Pope Francis spoke to students enrolled in the Chartreux Institute of Lyon. Established in 1825, the school is a private Carthusian educational institution linked to the French state school system.

The institute takes students from grade school all the way through high school, and also offers courses in higher education, with a specialization in the fields of finance, business, and accounting.

In his speech, Pope Francis said he was glad to learn that alongside their education in finances, students also receive a solid foundation in “human, philosophical and spiritual” studies.

To take courses in Rome, he said, allows the students to be immersed in the history “which has so strongly marked European nations.”

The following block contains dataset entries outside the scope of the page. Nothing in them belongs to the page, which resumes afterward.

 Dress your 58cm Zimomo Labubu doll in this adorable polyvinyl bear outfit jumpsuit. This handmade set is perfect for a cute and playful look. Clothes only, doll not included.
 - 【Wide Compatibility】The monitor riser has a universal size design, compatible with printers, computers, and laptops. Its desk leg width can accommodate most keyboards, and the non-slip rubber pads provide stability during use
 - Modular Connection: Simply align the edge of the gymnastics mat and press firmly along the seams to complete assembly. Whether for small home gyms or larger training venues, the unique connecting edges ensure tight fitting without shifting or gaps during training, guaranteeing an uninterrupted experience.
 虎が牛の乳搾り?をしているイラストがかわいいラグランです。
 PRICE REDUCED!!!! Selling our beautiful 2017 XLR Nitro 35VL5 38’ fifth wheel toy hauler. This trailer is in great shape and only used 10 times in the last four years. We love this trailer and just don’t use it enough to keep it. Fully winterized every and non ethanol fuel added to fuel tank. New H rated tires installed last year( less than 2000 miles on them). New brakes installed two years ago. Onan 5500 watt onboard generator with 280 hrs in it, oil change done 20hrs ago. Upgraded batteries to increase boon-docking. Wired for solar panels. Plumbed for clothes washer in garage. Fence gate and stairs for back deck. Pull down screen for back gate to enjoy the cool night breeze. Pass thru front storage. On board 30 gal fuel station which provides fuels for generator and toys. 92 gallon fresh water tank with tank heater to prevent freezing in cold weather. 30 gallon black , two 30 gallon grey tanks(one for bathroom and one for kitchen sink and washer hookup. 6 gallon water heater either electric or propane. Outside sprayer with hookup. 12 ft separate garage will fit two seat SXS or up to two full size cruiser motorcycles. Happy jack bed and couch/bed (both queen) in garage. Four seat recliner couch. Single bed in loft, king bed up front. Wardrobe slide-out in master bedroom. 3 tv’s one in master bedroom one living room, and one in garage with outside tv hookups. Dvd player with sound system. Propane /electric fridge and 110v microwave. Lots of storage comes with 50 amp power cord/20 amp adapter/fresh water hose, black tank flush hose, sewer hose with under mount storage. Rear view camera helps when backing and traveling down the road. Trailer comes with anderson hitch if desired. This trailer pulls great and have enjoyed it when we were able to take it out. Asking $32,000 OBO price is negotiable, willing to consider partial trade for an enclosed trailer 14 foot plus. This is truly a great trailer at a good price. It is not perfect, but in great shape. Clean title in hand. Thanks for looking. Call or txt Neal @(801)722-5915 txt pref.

“Admiring what the genius of men and the hopes they cultivated were able to accomplish, also you must have it at heart to leave your mark in history,” he said, stressing in off-the-cuff comments that “you have the ability to decide your future.”

Francis told the students to take responsibility not only for the world, but “for the life of every man,” and urged them remember that “every injustice against a poor man is an open wound, and belittles your own dignity.”

Even though the world will expect them to strive for success above all else, the Pope told them to put the time and the means into going forward on “the path of brotherhood,” so that they will be able “to build bridges between men rather than walls, to add your stones to the building of a more just and human society.”

Noting how his audience was composed of both Christians and non-Christians, Pope Francis urged the Christians to stay united with the Lord in prayer, and to learn “to entrust everything to God, and so not give in to the temptation of discouragement and desperation.”

For those who are not Christians, the Pope greeted them with “respect and affection,” telling them to keep they eyes focused on others.

He closed his speech by encouraging all of the students “to work for the good, to become humble seeds of a new world,” and prayed that they would be able to “cultivate the culture of encounter and sharing within the single human family.